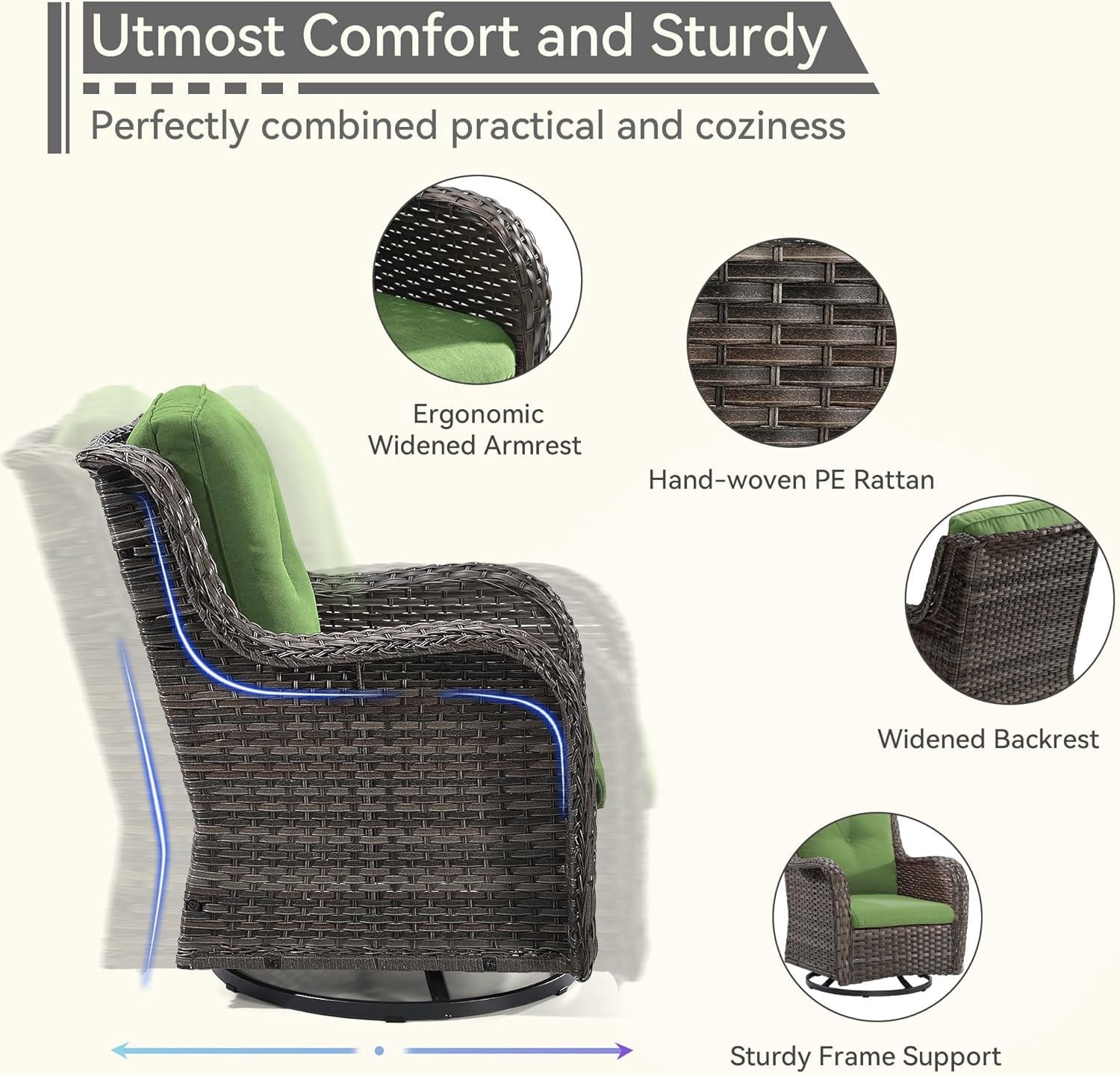 Outdoor Swivel Rocker Patio Chairs Set of 2 - Outdoor Wicker Patio Conversation Sets 2 Pieces with Olefin Fabric Cushions Suitable for Backyard Deck and Porch, Green
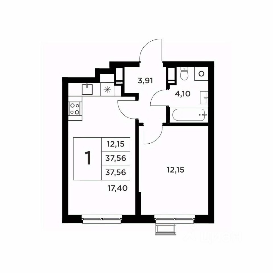 Общая площадь37,56 м²
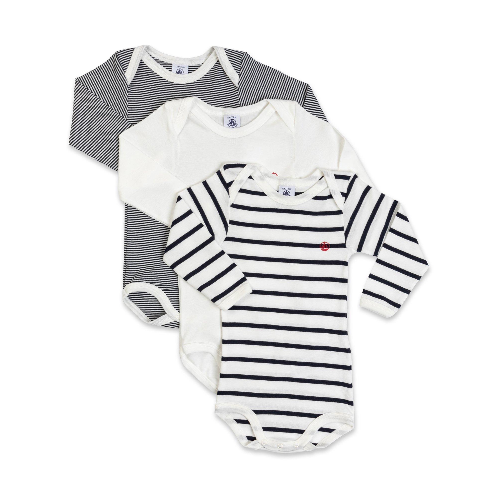 Dieses Set mit drei langärmeligen Neugeborenen-Bodys besteht aus Rippstrick, dem ikonischen Material von Petit Bateau. Das Modell ist ein Oeko-Tex Standard 100 zertifiziertes Produkt, das die Hautverträglichkeit gewährleistet.
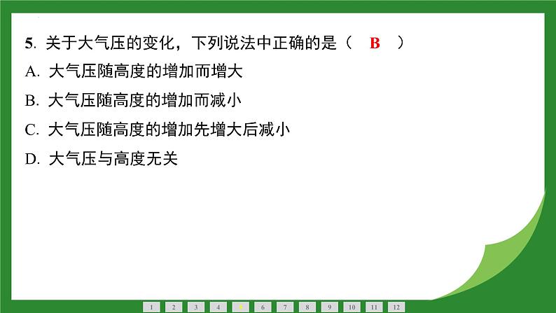 5. 关于大气压的变化,下列说法中正确的是( B )

------------

**DIRECTIONS FOR THIS TASK:** Transcribe exactly the span of lines from the line holding "Общая площадь37,56 м²" through the last line above, both included. Pictures stay out.

**SOLUTION FOR THIS PROBLEM:**
 Общая площадь37,56 м²
 Dieses Set mit drei langärmeligen Neugeborenen-Bodys besteht aus Rippstrick, dem ikonischen Material von Petit Bateau. Das Modell ist ein Oeko-Tex Standard 100 zertifiziertes Produkt, das die Hautverträglichkeit gewährleistet.
 5. 关于大气压的变化,下列说法中正确的是( B )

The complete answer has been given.